Task directions: Beneath this task are records; tally the lines in them that contain "Next" and report only the number.

Material supplied:
• • •

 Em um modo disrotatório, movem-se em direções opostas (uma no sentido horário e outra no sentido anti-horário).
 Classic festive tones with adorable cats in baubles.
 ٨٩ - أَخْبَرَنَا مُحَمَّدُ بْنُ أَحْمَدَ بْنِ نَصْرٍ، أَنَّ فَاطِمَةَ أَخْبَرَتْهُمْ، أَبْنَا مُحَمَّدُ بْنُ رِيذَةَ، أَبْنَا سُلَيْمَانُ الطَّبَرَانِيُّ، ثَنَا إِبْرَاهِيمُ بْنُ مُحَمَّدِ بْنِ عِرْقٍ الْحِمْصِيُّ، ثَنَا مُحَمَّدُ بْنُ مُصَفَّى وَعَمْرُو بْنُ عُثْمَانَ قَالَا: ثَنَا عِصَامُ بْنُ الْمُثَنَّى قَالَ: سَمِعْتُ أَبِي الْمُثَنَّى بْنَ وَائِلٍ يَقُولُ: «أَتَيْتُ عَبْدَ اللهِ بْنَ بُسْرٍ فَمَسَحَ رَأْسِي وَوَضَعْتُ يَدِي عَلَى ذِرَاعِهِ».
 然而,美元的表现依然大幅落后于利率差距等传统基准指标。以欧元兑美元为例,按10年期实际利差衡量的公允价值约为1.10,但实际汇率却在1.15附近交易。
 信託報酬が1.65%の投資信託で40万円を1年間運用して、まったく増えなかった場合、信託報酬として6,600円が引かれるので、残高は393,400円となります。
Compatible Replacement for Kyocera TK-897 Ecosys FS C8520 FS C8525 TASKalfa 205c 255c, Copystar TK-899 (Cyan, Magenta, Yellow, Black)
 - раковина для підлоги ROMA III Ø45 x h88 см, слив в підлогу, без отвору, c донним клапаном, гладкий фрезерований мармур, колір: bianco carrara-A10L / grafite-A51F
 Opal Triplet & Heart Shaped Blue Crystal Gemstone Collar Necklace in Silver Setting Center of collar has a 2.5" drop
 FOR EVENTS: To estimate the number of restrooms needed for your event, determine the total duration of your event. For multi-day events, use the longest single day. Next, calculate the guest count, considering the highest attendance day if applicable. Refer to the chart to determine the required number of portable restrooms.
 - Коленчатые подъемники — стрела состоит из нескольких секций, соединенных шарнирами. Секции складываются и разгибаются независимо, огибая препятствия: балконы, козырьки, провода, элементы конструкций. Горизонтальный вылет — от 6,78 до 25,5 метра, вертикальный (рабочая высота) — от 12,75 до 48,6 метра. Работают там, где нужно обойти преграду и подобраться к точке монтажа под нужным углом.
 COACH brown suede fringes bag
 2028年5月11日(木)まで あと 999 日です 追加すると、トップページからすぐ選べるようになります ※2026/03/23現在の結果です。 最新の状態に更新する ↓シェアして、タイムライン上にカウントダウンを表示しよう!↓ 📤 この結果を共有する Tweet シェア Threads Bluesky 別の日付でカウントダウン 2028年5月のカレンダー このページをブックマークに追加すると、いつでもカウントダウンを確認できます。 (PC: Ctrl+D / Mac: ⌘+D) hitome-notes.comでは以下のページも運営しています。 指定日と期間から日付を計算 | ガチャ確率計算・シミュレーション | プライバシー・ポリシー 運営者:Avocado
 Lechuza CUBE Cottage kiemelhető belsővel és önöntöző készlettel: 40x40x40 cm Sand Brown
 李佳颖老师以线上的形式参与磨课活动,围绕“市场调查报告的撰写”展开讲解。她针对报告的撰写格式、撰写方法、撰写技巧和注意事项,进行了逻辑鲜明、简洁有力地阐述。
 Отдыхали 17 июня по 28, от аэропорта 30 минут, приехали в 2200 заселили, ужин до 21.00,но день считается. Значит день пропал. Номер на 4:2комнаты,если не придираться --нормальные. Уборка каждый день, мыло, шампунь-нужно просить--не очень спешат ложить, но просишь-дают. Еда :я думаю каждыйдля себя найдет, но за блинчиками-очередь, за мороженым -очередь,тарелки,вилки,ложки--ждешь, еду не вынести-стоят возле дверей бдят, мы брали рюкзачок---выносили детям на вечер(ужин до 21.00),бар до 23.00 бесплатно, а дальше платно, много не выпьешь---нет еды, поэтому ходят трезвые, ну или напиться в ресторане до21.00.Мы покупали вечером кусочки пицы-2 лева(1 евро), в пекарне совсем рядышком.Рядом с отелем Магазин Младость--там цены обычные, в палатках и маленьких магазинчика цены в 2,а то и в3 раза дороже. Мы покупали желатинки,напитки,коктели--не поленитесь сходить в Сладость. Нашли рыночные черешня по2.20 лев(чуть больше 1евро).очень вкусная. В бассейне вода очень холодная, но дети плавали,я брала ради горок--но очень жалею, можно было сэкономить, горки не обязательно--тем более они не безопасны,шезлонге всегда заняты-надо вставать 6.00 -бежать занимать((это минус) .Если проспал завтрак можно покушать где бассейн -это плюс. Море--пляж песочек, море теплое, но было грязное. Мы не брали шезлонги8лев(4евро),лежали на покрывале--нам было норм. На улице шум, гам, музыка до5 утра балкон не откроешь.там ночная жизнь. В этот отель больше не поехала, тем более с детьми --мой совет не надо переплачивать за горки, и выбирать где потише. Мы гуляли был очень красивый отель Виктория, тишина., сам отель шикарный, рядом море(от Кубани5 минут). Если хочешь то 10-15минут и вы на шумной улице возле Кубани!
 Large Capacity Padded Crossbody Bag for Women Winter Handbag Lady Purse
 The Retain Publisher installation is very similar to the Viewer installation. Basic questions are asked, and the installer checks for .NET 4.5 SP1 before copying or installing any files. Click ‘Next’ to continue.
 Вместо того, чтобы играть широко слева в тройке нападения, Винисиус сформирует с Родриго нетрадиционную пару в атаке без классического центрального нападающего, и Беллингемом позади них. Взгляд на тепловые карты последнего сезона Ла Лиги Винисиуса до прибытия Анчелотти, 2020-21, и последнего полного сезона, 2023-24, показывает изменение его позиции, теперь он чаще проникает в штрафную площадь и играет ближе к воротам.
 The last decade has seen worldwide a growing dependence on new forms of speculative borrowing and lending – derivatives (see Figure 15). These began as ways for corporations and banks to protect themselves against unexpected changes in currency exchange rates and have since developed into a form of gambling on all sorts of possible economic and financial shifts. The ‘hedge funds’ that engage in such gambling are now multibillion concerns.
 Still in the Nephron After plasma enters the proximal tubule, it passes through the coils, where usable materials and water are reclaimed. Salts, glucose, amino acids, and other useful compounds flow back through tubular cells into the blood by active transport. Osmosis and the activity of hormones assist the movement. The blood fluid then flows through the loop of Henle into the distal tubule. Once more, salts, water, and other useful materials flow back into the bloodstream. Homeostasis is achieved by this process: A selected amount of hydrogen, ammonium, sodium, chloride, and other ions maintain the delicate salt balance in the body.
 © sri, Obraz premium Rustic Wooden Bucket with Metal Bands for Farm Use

• • •

Answer area: 2